37. The apparatus of claim 35 wherein said processing means is an optical processor.

38. The apparatus of claim 35 wherein said control means is a programmable logic controller.

39. The apparatus of claim 36 wherein said sensing means is an optical fiber sensor.

40. The apparatus of claim 35 further comprising:
a light source disposed adjacent the web to illuminate the area to be inspected.

41. The apparatus of claim 35 further comprising:
a frame unload station, responsive to said control means and disposed at the trailing end of the apparatus, said station being operable reject the processed web of material therefrom in response to a fault signal indicating a defect in the web.

42. The apparatus of claim 35 wherein said control means halts the operation of the apparatus in response to a fault signal.

43. The apparatus of claim 35 further comprising display means, responsive to said control means and to said fault signal, for displaying a message to the operator of the apparatus indicating that a defect has been detected.
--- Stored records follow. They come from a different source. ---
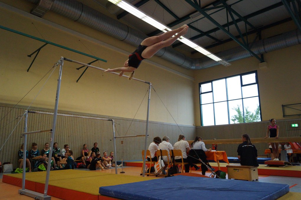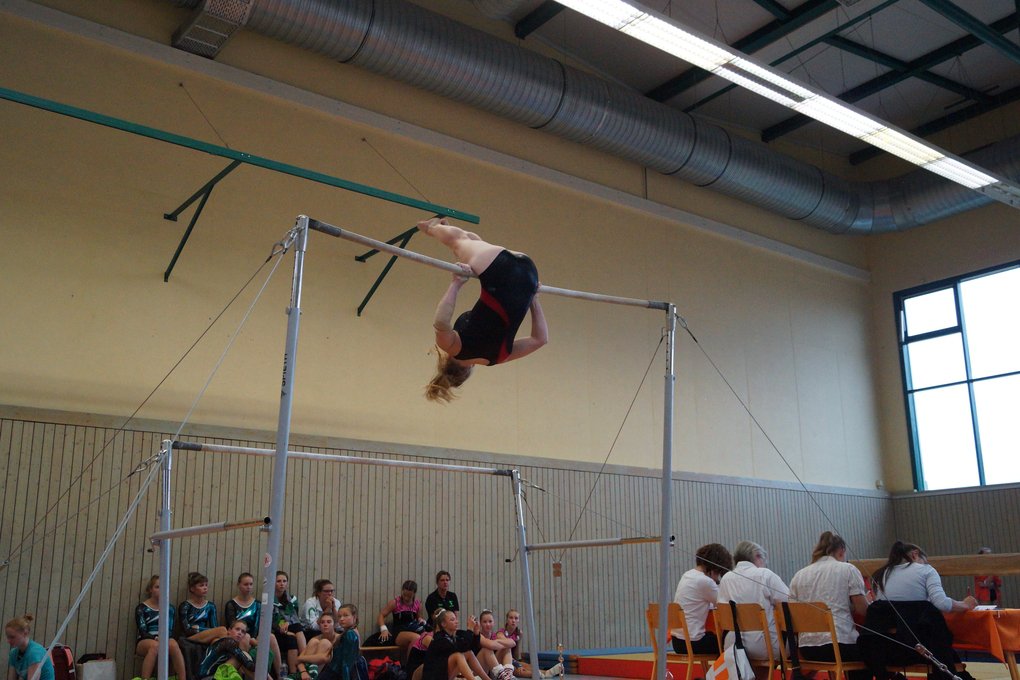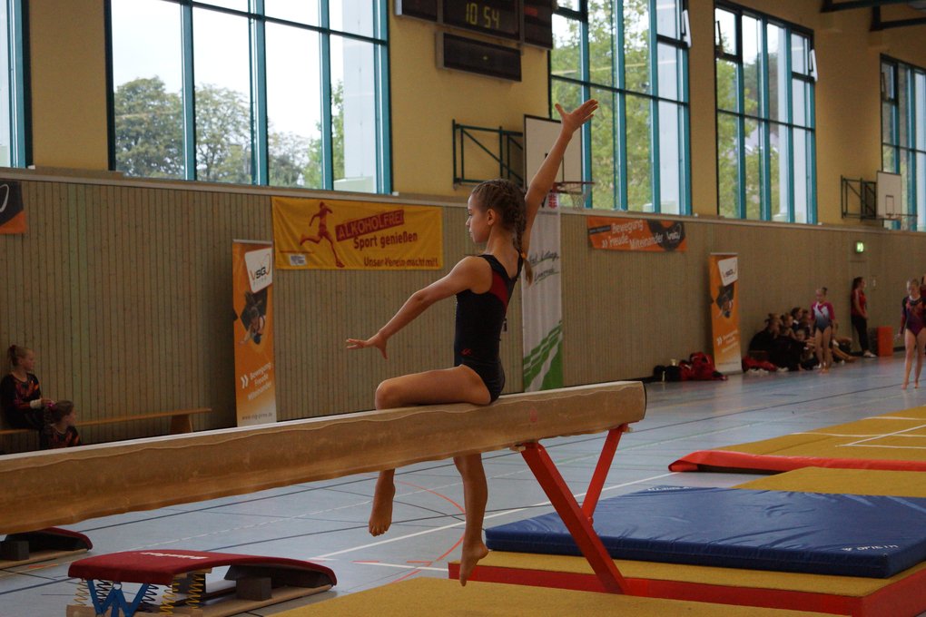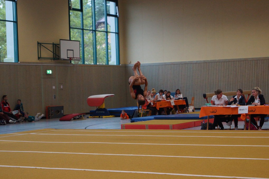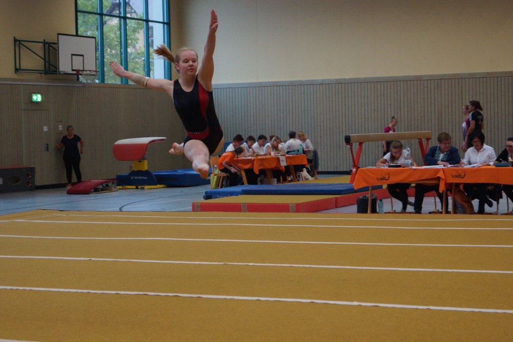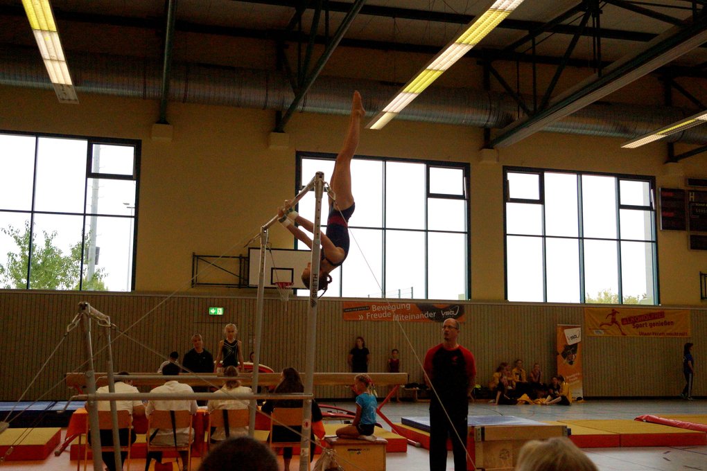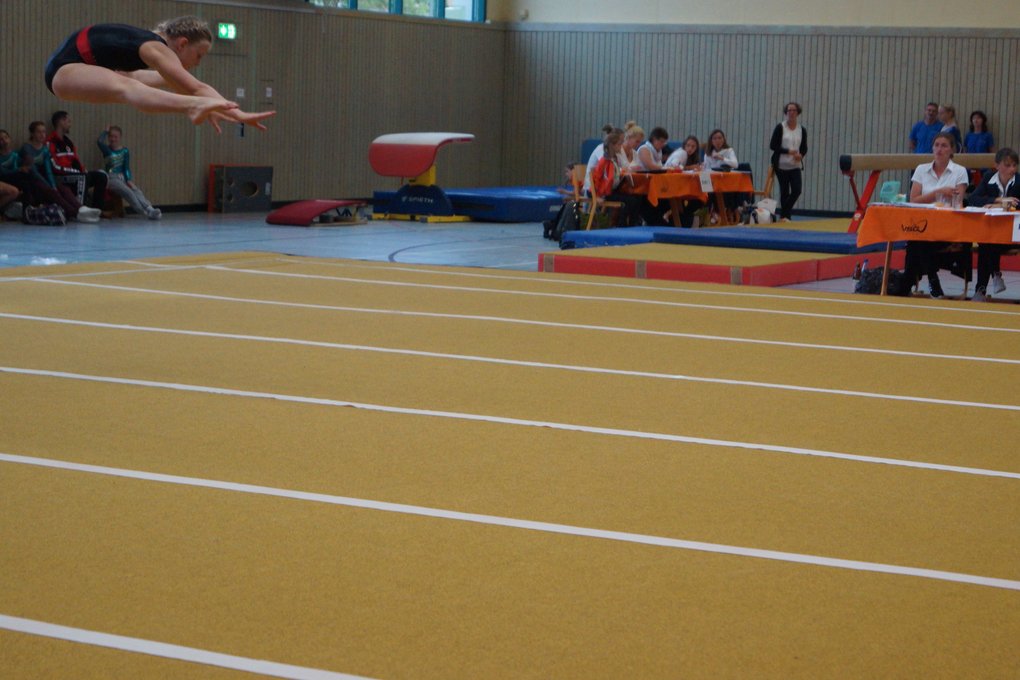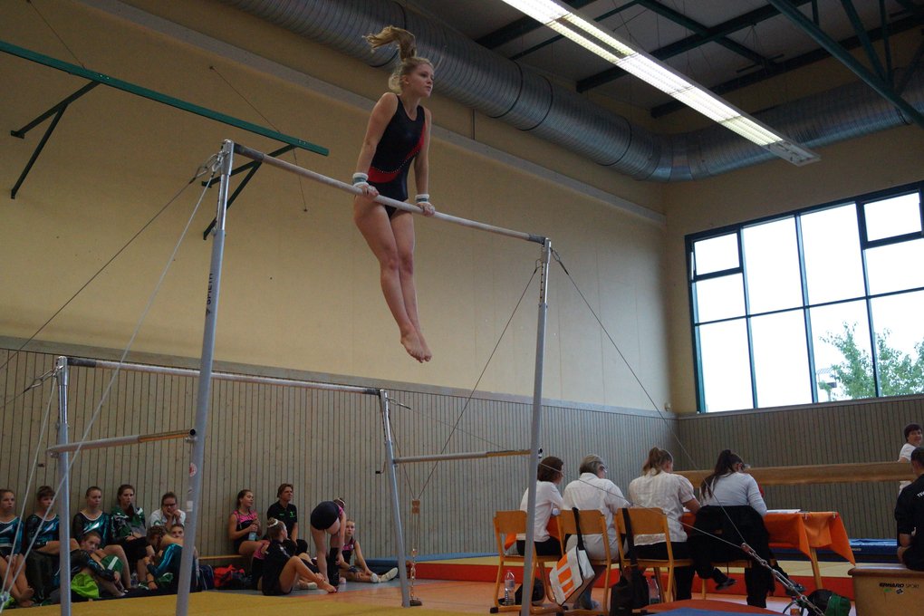 Nach nur drei Wochen Vorbereitung mussten sich unsere beiden Ligamannschaften in Pirna der schweren Aufgabe 2.Landesliga stellen. Vormittags begann unsere Mädchenmannschaft LK3. Mit viel Kampfgeist ging es an die Geräte. Nachdem am Stufenbarren alle ihre Übung präsentiert hatten, legte sich die erste Anspannung. Der Punktestand im Protokoll am Stufenbarren zeigte dann auch, das wir das beste Egebniss aller Mannschaften an diesem Gerät erturnten. Die anschließenden Übungen am Schwebebalken waren erwartungsgemäß noch etwas zittrig und alle waren froh das Gerät überstanden zu haben. Hier zeigten auch die anderen Mannschaften Nerven, was uns Platz drei an diesem Gerät bescherte. Weiter ging es zum Boden. Hier machte sich der Trainingsrückstand noch am deutlichsten bemerkbar. Auf der 12x12 m großen Matte wirkten unsere Übungen sehr zaghaft, was auch die Wertungen widerspiegelten. Nach dieser kleinen Enttäuschung ging es weiter zum Sprung. Dort gab es von Jasmin den besten Überschlag an diesem Tag. Auch die Anderen zeigten solide Sprünge. Nach diesem gelungenen Wettkampf war klar, dass wir uns keine Abstiegssorgen machen müssen. Der Jubel über den erreichten Platz 4 war entsprechend groß. Am Ende bedeutet dieser dismal sogar, dass wir im Oktober beim Relegationwettkampf noch einmal antreten dürfen.
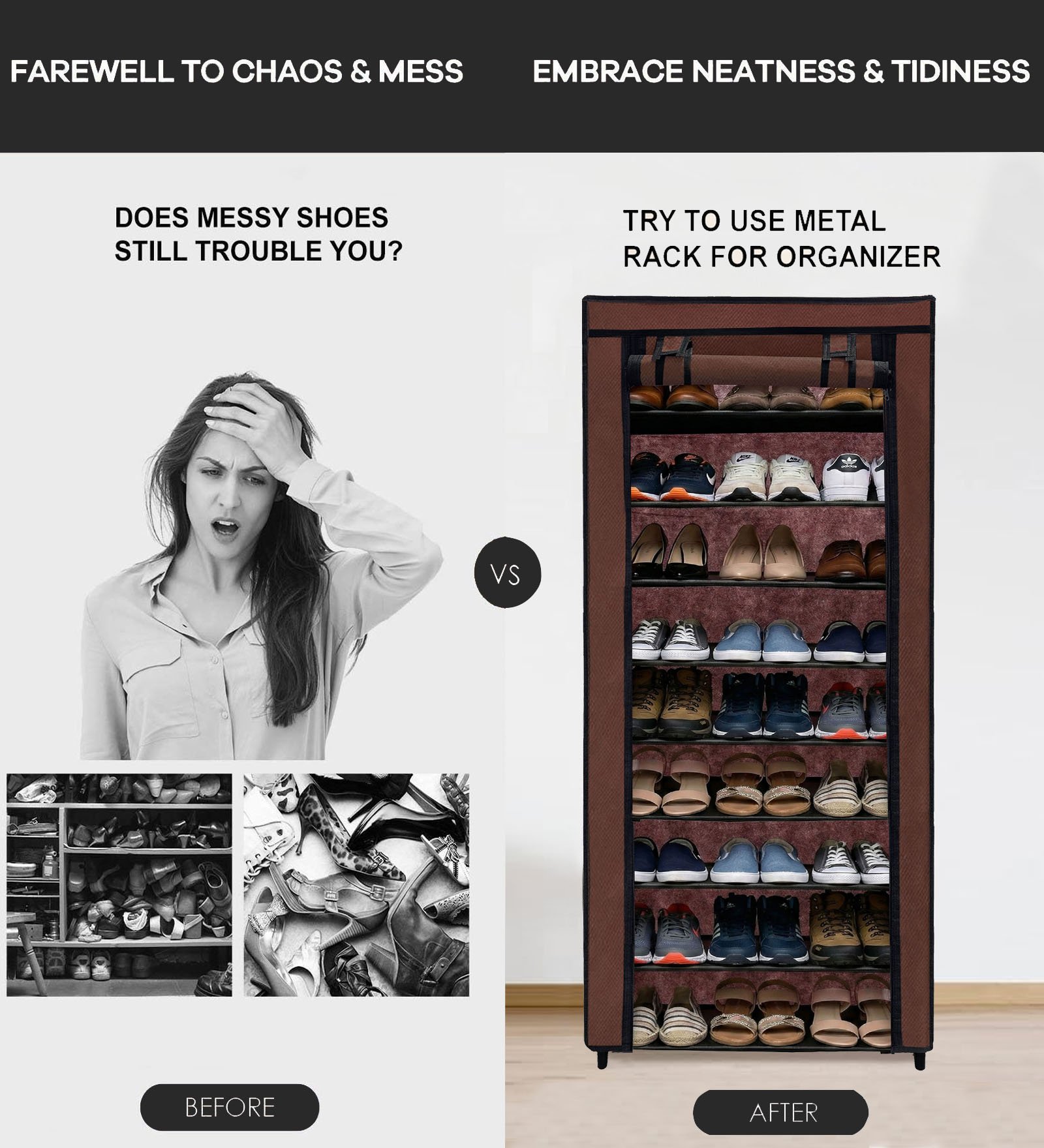 Elevate your home organization game today with the Urban Choice 9 Tier Shoe Rack. Experience the perfect combination of a sturdy metal frame, a protective dustproof cover, and a highly efficient space-saving design. Say goodbye to messy floors and hello to a clean, serene, and beautifully organized living environment. Make the smart choice for your home and enjoy the peace of mind that comes with knowing your footwear is stored safely, securely, and stylishly.”
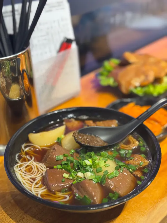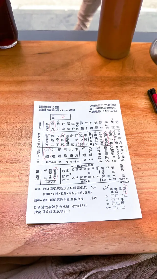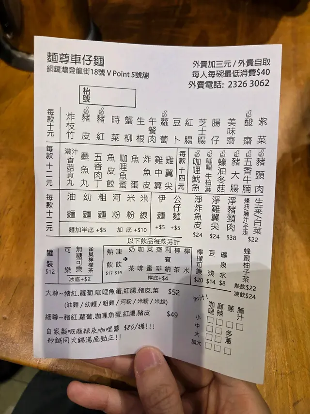 銅鑼灣約了朋友續約健身,登龍街打算揾啲平淡啲晚餐。見到人龍排隊,原來有間車仔面,試過銅鑼灣榮記,未試過呢間。於是我也跟人排隊。等了差不多十分鐘,陸續有人出好快就輪到我哋。店內的裝潢別有風味,應該話成個登龍街的店面都是如此,有特色加店鋪個性。傳統的點單紙。不過好似被我們畫到花曬。叫車仔麵,普通好似我咁的食家會選擇幼麵,幼麵的口感特點細滑軟彈比粗麵更細(類似廣東的 銀絲細麵),質地偏軟但帶微微彈性,容易吸附湯汁,適合喜歡入味的食客。口感順滑不黏糊,湯汁分離。因為麵條細,能緊密裹住湯底(如咖哩汁、腩汁),每一口都充滿濃郁風味,尤其適合搭配*美味濃郁湯底!幼麵+咖哩汁*幼麵能平衡咖哩的濃稠感。朋友的餸是粗麵。不過因為飲品需要另外加錢,就算咁埋單每個人都不超過200,性價比在銅鑼灣超值。而我的小食裏面,選用了酸甜的酸齋, 外層微韌,內裡蓬鬆吸汁,咬下去帶有微微彈性,因浸泡過醃汁,整體偏軟但不會爛糊,似是齋鋪裏面的小吃點心,搭配幼麵口感,爽滑又解膩。食得一半,抬頭發覺周圍坐滿,而且都系搭臺多,座位相對對於搭臺系少少擠逼,因為食飯時間。翻檯率都好高,匆匆忙忙食完就有下一批。🤣好似我等十分鐘就立即有位咁,真系唔怕排。…查看更多
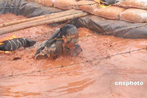 4月3日,美國(guó)海軍陸戰(zhàn)隊(duì)司令詹姆斯·康威上將一行在中國(guó)海軍南海艦隊(duì)野外兩棲登陸訓(xùn)練場(chǎng),觀摩中國(guó)海軍陸戰(zhàn)隊(duì)某旅的軍事演練。擔(dān)負(fù)演練任務(wù)的海軍陸戰(zhàn)隊(duì)某旅是中國(guó)海軍第一支兩棲作戰(zhàn)部隊(duì)。圖為女陸戰(zhàn)隊(duì)員通過泥潭。中新社發(fā) 李唐 攝
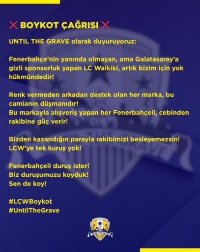 Fenerbahçe taraftarı LCW’ye boykot kararı, , Fenerbahçenin yanında olmayan ancak Galatasay’a gizli sponsor olan LC Waikiki artık bizim için yok hükmündedir. Bizden kazandığın para ile rakibe güç veremezsin!!! “Bu boykot, LCW’nin tutumunu değiştirmesi için bir mesajdır” yorumunda bulundu.
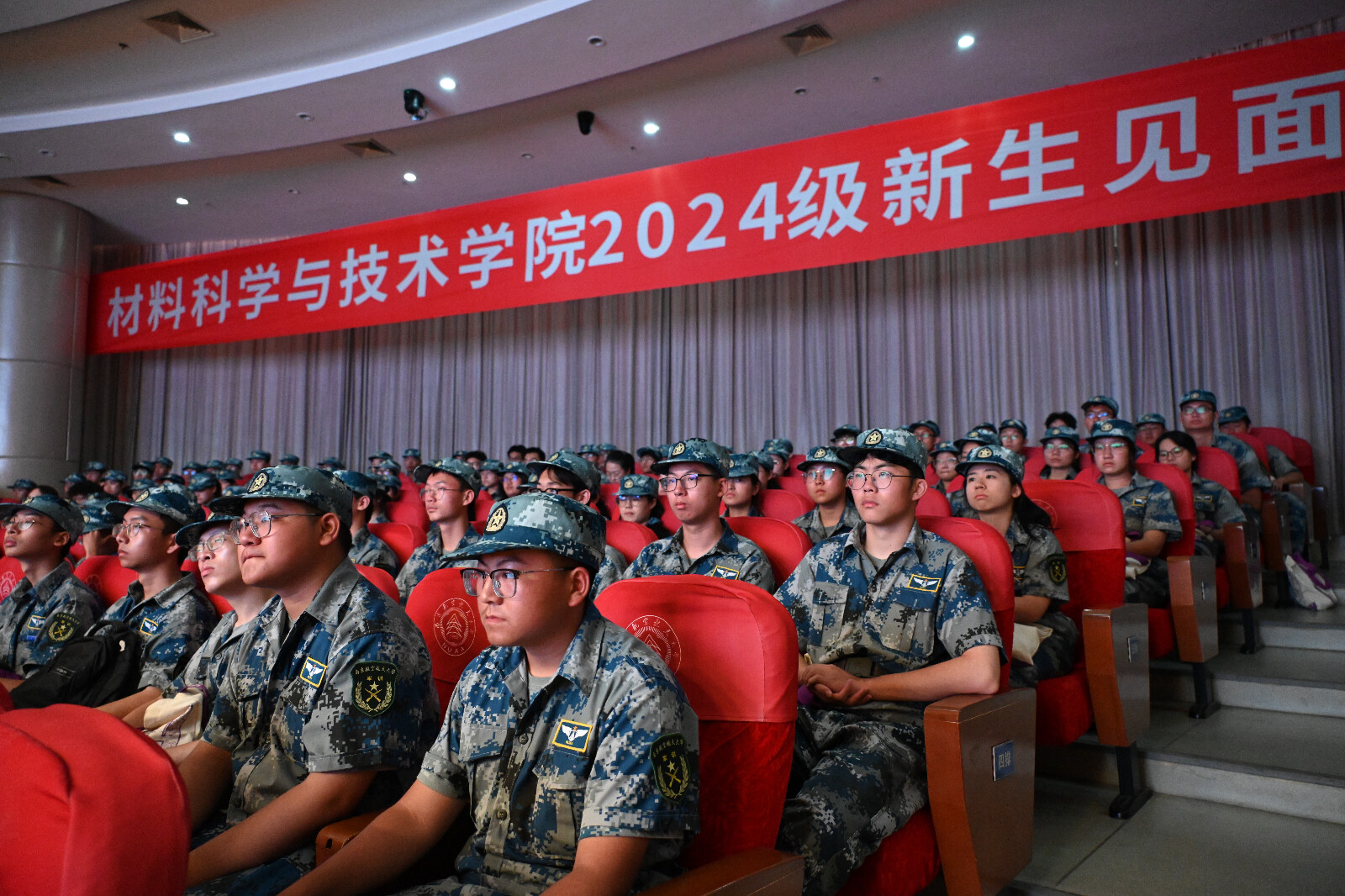 院党委书记石勇致欢迎辞,并寄语新生三点希望。一是要砥砺报国之志,成为可堪大任的三航之材;二是要修炼钻研态度,成为踏实肯干的栋梁之材;三是要涵育进取情怀,成为奋勇攀登的报国之材。他希望同学们探索科学,求微知著,成长为一名有"材"有"料"的材院人!
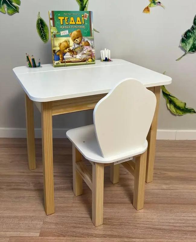 Набор стол с откидной столешницей со стулом с декоративной спинкой ВИДЕО ОБЗОР НАБОРА Описание Набор "Столик с ящиком и стульчик фигурный" • Изготовлен для детей 2-й группы роста (116-130см.) • Материал: - Столешницы столика и сиденья стульчика изготовлены из МДФ. Ящик и ножки столика и стульчика - сосна нелакированная. • Крышка столика оснащена подъемным механизмом. Под ней находится ящик для хранения канцелярских принадлежностей для рисования и детского творчества. - Размеры столика: - высота 52см, ширина 60см, длина 50см - Размеры стульчика: - высота от пола до сидения 30 см • Все детали комплектацию входят в набор. Вам понадобится только отвертка. Почему именно мы? Больше товаров со скидкой, жми значок!
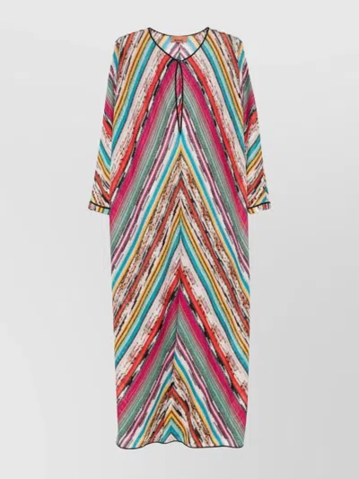 Zickzack-kaftan Mit Pailletten Und V-ausschnitt Und Abnehmbarem Schal Mit Fransen In Multicoloured
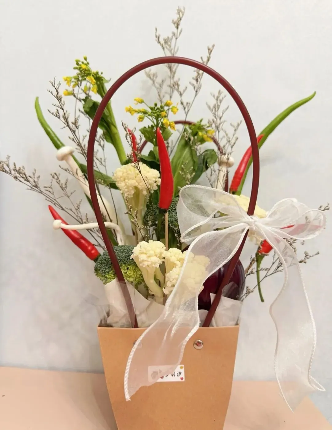 物料准备:花篮、新鲜果蔬、鲜花(干花)、花泥、透明胶带、彩色丝带、剪刀等。

44. For use with a machine for making sealed sterile suture packages in which a web of foil stock is fed from a roll into the leading edge of the machine to be processed, apparatus for sequentially advancing the web in themachine, comprising:
a reciprocating carriage capable of reciprocal movement in the direction of travel of the web between the upstream and downstream ends of the apparatus;
gripping means mounted on said moveable head for releasably gripping the web;
a pair of guide rails for slidably supporting said carriage and maintaining alignment of said carriage and the web;
a screw shaft adapted to engage said carriage, said screw shaft causing said carriage to advance from the upstream to the downstream end of the apparatus in response to rotation of said shaft in a first direction and causing said carriage to retract from the downstream to the upstream end of the apparatus in response to rotation of said shaft in a second direction;
a servomotor being connected to said screw shaft;
a power source for selectively energizing said servomotor; and control means connected to said power source and said gripping means for controlling said gripping means to selectively grip and release the web and for controlling the application and polarity of voltage to said servomotor.

45. The apparatus of claim 44 wherein said gripping means includes a releasable clamp and pneumatically actuated cylinder for selectively actuating and releasing said clamp in response to said control means.

46. The apparatus of claim 44 wherein said servomotor and said screw shaft are each connected to a pulley and said pulleys are connected by a timing belt.

47. The apparatus of claim 44 wherein said control means includes a programmable logic controller.

48. For use with a machine for making sealed sterile suture packages in which a web of foil stock is fed from a roll into the leading edge of the machine to be processed, apparatus for sequentially advancing the web in themachine, comprising:
a moveable carriage capable of reciprocal movement in the direction of travel of the web between the upstream and downstream end of the apparatus;
a pair of guide rails for slidably supporting said carriage as it moves between the upstream and downstream ends of the apparatus;
a clamp mounted on said moveable carriage for releasably gripping the web;
an hydraulically actuated cylinder mechanically connected to said clamp for selectively releasing and engaging said clamp;
a screw shaft adapted to engage said carriage and causing said carriage to advance from the upstream to the downstream end of the apparatus in response to rotation of said shaft in a first direction and causing said carriage to retract from the downstream to the upstream end of the apparatus in response to rotation of said shaft in a second direction;
a servomotor connected to said screw shaft;
a power source; and a programmable logic controller connected to said hydraulically actuated cylinder and to said servomotor for controlling the release and engagement of the web by the clamp and for controlling the application and polarity of voltage from said power source to said servomotor.